[Dataset items]
┄┄┄┄┄┄┄┄┄┄┄┄┄┄┄┄┄┄┄┄

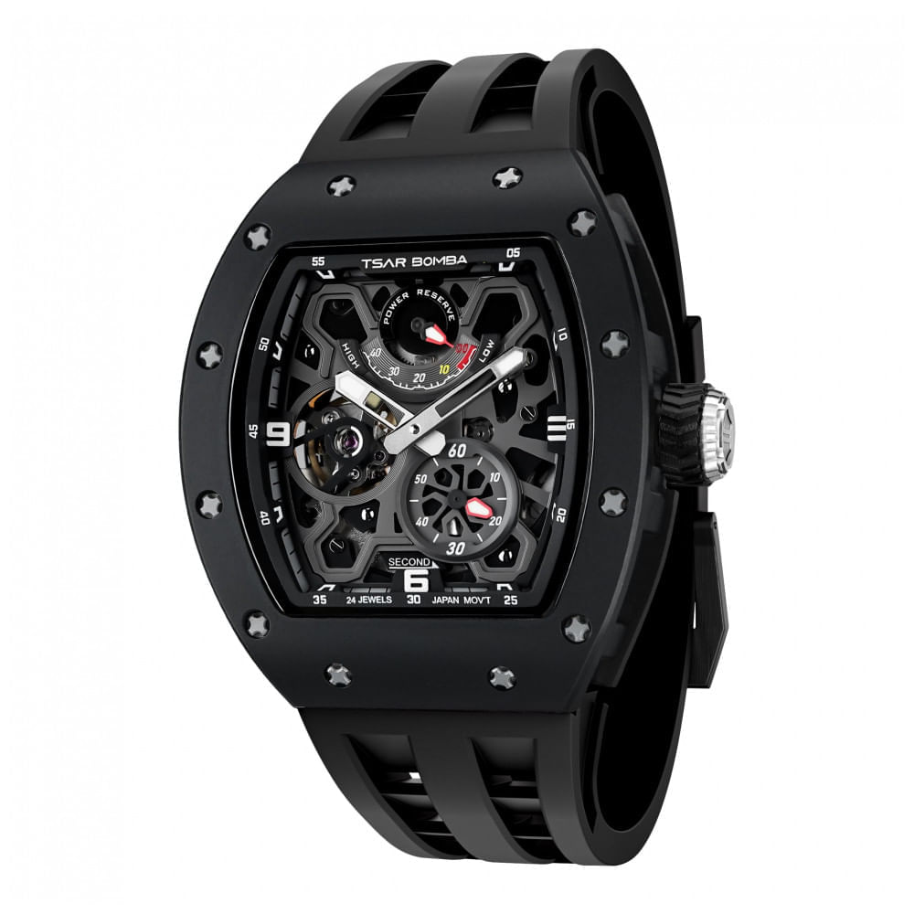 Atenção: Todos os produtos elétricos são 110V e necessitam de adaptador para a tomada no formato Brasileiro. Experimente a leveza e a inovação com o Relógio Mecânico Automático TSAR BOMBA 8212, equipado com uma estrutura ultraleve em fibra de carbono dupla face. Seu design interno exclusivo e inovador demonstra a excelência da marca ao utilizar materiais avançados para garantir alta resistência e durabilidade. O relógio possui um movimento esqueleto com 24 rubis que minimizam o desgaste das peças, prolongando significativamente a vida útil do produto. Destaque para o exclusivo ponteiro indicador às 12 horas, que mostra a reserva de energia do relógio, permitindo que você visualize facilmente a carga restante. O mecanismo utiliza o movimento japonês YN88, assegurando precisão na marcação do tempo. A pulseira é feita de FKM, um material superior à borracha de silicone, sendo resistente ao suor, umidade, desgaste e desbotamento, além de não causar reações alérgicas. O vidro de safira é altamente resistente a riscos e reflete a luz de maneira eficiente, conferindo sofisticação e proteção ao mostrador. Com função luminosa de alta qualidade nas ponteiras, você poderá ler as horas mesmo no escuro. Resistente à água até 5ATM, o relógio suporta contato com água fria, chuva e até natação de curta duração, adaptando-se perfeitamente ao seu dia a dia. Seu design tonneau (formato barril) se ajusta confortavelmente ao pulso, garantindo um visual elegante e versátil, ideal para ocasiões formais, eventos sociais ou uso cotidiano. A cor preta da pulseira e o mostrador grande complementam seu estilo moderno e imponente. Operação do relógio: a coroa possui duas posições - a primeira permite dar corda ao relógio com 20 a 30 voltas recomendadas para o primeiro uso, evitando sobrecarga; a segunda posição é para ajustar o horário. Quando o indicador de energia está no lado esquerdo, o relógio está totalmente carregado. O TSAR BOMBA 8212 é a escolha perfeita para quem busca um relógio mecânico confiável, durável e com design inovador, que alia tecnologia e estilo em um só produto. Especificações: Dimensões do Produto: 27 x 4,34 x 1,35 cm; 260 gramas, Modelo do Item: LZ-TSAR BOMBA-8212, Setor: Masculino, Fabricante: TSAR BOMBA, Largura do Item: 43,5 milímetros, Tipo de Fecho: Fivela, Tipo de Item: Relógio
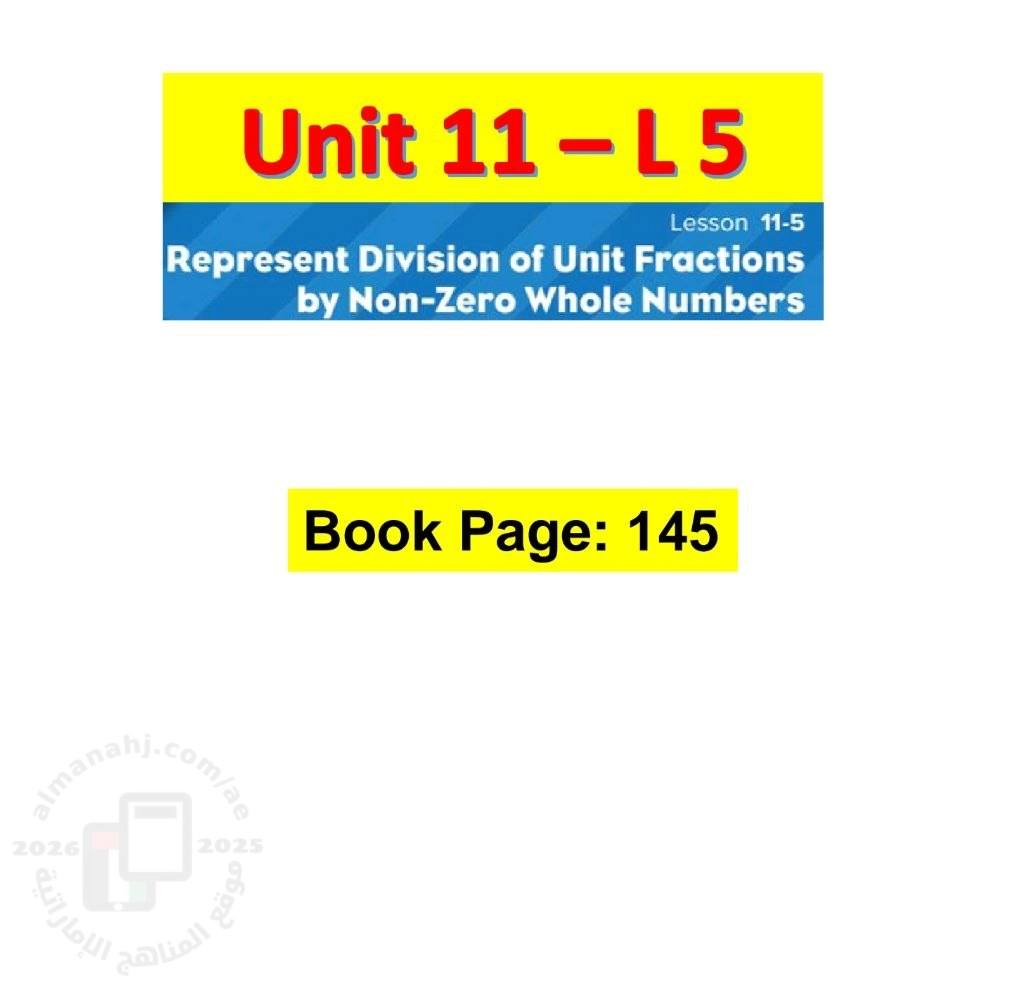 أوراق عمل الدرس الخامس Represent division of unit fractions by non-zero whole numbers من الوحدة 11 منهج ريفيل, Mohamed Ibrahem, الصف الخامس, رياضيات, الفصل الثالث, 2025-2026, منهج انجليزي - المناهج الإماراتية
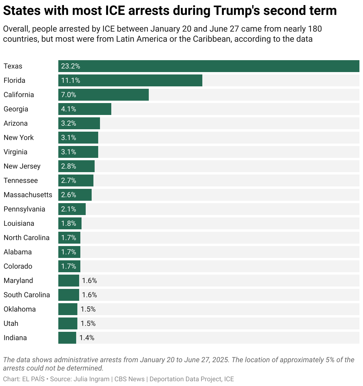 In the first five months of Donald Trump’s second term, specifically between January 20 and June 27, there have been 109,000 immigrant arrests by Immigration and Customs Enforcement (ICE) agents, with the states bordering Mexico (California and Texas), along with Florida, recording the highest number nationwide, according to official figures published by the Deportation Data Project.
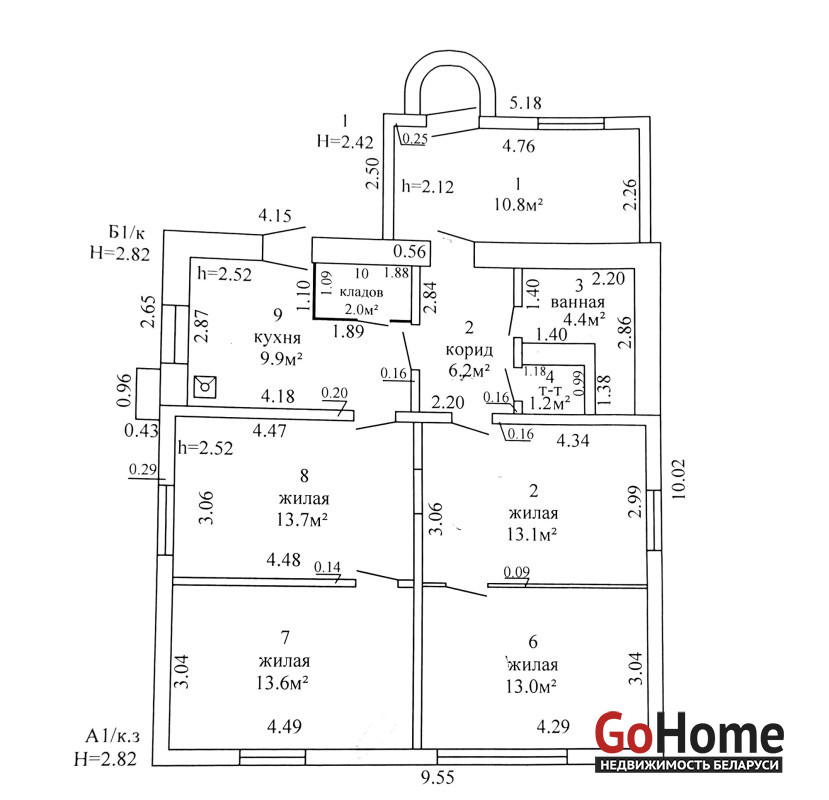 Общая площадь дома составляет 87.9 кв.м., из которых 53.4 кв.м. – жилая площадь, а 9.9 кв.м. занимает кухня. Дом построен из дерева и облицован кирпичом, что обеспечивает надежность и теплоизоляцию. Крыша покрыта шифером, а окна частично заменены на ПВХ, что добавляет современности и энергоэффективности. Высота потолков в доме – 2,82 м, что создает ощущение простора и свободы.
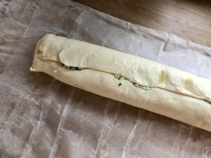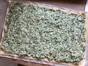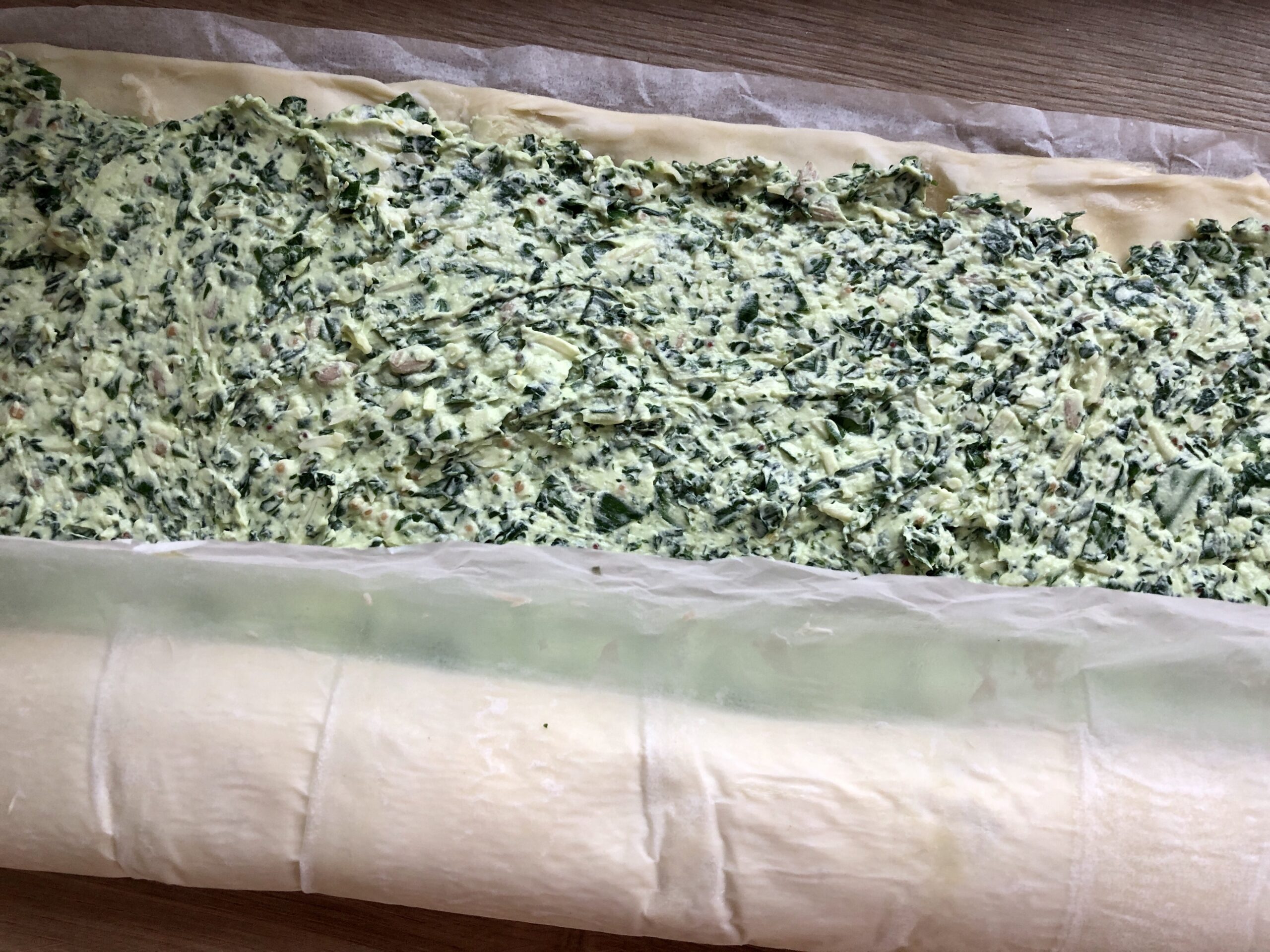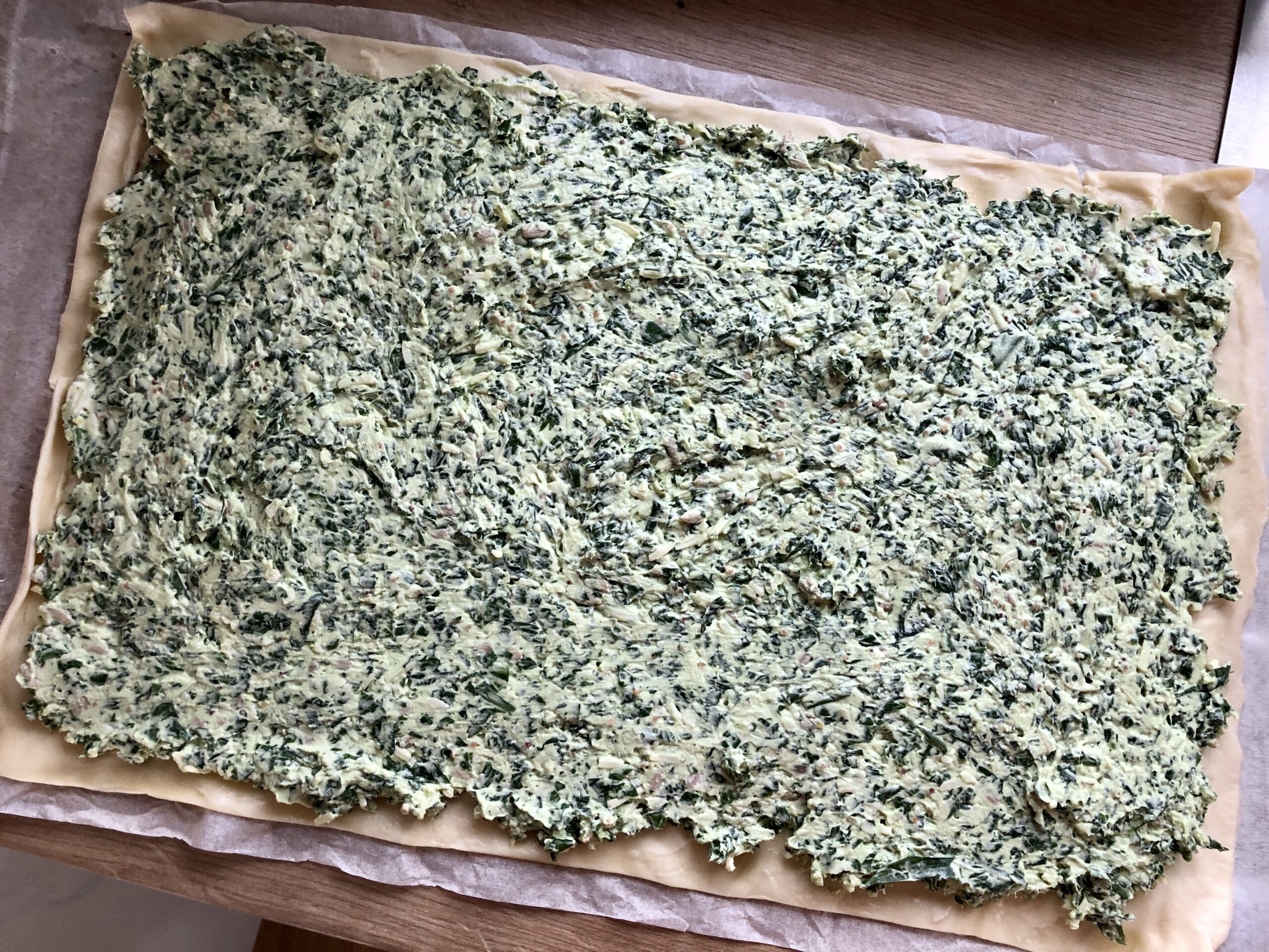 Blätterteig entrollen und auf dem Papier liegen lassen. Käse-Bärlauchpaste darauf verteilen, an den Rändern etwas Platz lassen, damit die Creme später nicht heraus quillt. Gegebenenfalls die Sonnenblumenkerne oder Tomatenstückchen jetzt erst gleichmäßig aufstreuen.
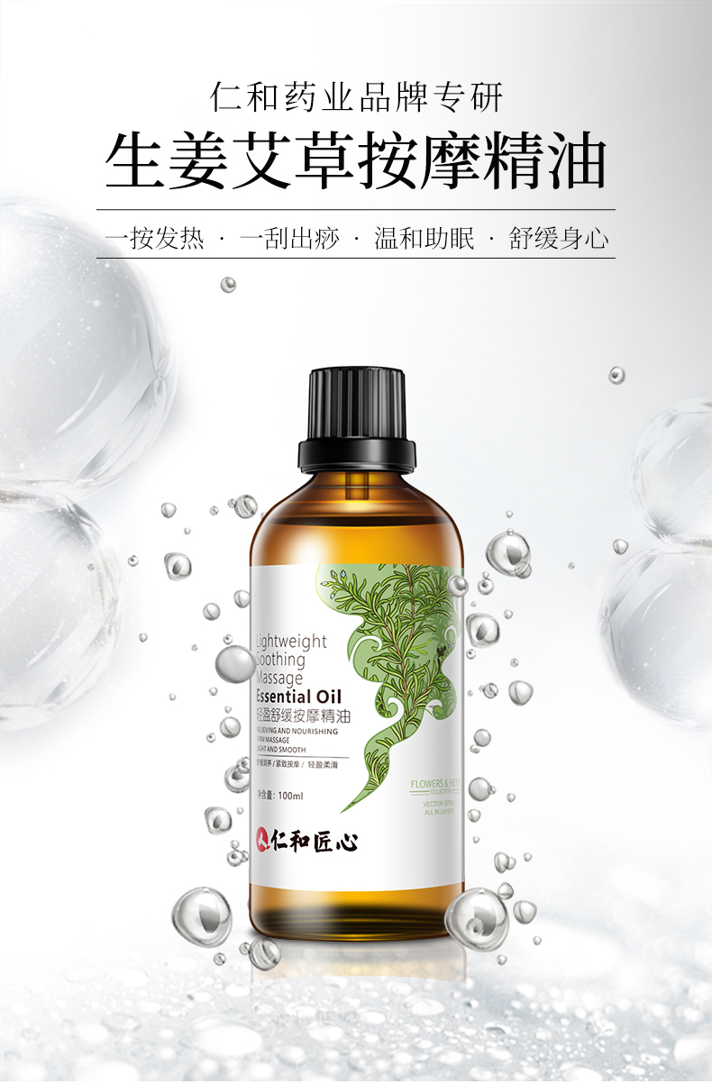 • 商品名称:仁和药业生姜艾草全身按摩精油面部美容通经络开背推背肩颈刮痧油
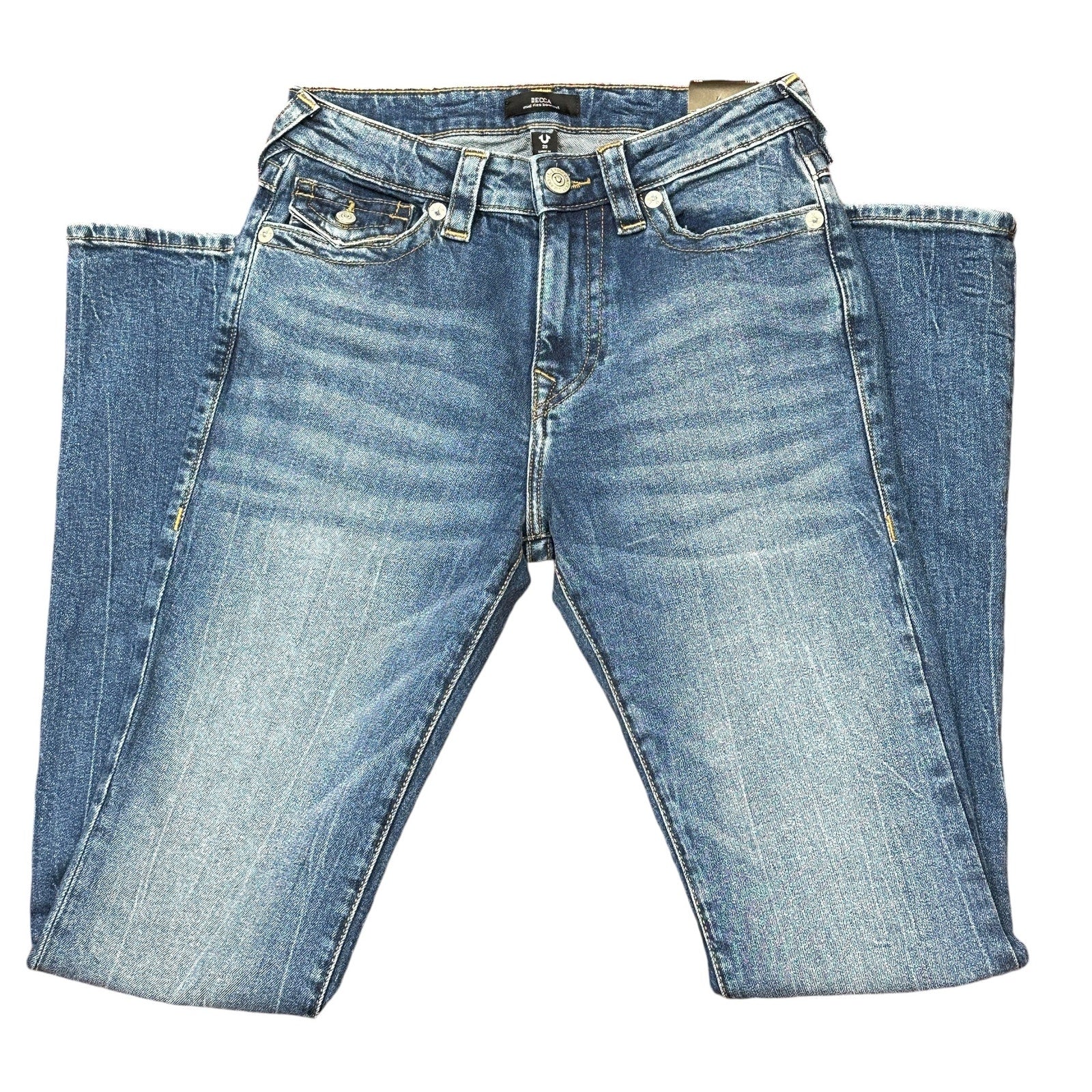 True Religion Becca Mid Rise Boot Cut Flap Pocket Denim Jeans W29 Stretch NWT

┄┄┄┄┄┄┄┄┄┄┄┄┄┄┄┄┄┄┄┄

• **YOUR INSTRUCTIONS**:
Each record should be printed exactly as it appears, leaving the pictures out.

• **RESULT FOR THIS TASK**:
 Atenção: Todos os produtos elétricos são 110V e necessitam de adaptador para a tomada no formato Brasileiro. Experimente a leveza e a inovação com o Relógio Mecânico Automático TSAR BOMBA 8212, equipado com uma estrutura ultraleve em fibra de carbono dupla face. Seu design interno exclusivo e inovador demonstra a excelência da marca ao utilizar materiais avançados para garantir alta resistência e durabilidade. O relógio possui um movimento esqueleto com 24 rubis que minimizam o desgaste das peças, prolongando significativamente a vida útil do produto. Destaque para o exclusivo ponteiro indicador às 12 horas, que mostra a reserva de energia do relógio, permitindo que você visualize facilmente a carga restante. O mecanismo utiliza o movimento japonês YN88, assegurando precisão na marcação do tempo. A pulseira é feita de FKM, um material superior à borracha de silicone, sendo resistente ao suor, umidade, desgaste e desbotamento, além de não causar reações alérgicas. O vidro de safira é altamente resistente a riscos e reflete a luz de maneira eficiente, conferindo sofisticação e proteção ao mostrador. Com função luminosa de alta qualidade nas ponteiras, você poderá ler as horas mesmo no escuro. Resistente à água até 5ATM, o relógio suporta contato com água fria, chuva e até natação de curta duração, adaptando-se perfeitamente ao seu dia a dia. Seu design tonneau (formato barril) se ajusta confortavelmente ao pulso, garantindo um visual elegante e versátil, ideal para ocasiões formais, eventos sociais ou uso cotidiano. A cor preta da pulseira e o mostrador grande complementam seu estilo moderno e imponente. Operação do relógio: a coroa possui duas posições - a primeira permite dar corda ao relógio com 20 a 30 voltas recomendadas para o primeiro uso, evitando sobrecarga; a segunda posição é para ajustar o horário. Quando o indicador de energia está no lado esquerdo, o relógio está totalmente carregado. O TSAR BOMBA 8212 é a escolha perfeita para quem busca um relógio mecânico confiável, durável e com design inovador, que alia tecnologia e estilo em um só produto. Especificações: Dimensões do Produto: 27 x 4,34 x 1,35 cm; 260 gramas, Modelo do Item: LZ-TSAR BOMBA-8212, Setor: Masculino, Fabricante: TSAR BOMBA, Largura do Item: 43,5 milímetros, Tipo de Fecho: Fivela, Tipo de Item: Relógio
 أوراق عمل الدرس الخامس Represent division of unit fractions by non-zero whole numbers من الوحدة 11 منهج ريفيل, Mohamed Ibrahem, الصف الخامس, رياضيات, الفصل الثالث, 2025-2026, منهج انجليزي - المناهج الإماراتية
 In the first five months of Donald Trump’s second term, specifically between January 20 and June 27, there have been 109,000 immigrant arrests by Immigration and Customs Enforcement (ICE) agents, with the states bordering Mexico (California and Texas), along with Florida, recording the highest number nationwide, according to official figures published by the Deportation Data Project.
 Общая площадь дома составляет 87.9 кв.м., из которых 53.4 кв.м. – жилая площадь, а 9.9 кв.м. занимает кухня. Дом построен из дерева и облицован кирпичом, что обеспечивает надежность и теплоизоляцию. Крыша покрыта шифером, а окна частично заменены на ПВХ, что добавляет современности и энергоэффективности. Высота потолков в доме – 2,82 м, что создает ощущение простора и свободы.
 Blätterteig entrollen und auf dem Papier liegen lassen. Käse-Bärlauchpaste darauf verteilen, an den Rändern etwas Platz lassen, damit die Creme später nicht heraus quillt. Gegebenenfalls die Sonnenblumenkerne oder Tomatenstückchen jetzt erst gleichmäßig aufstreuen.
 • 商品名称:仁和药业生姜艾草全身按摩精油面部美容通经络开背推背肩颈刮痧油
 True Religion Becca Mid Rise Boot Cut Flap Pocket Denim Jeans W29 Stretch NWT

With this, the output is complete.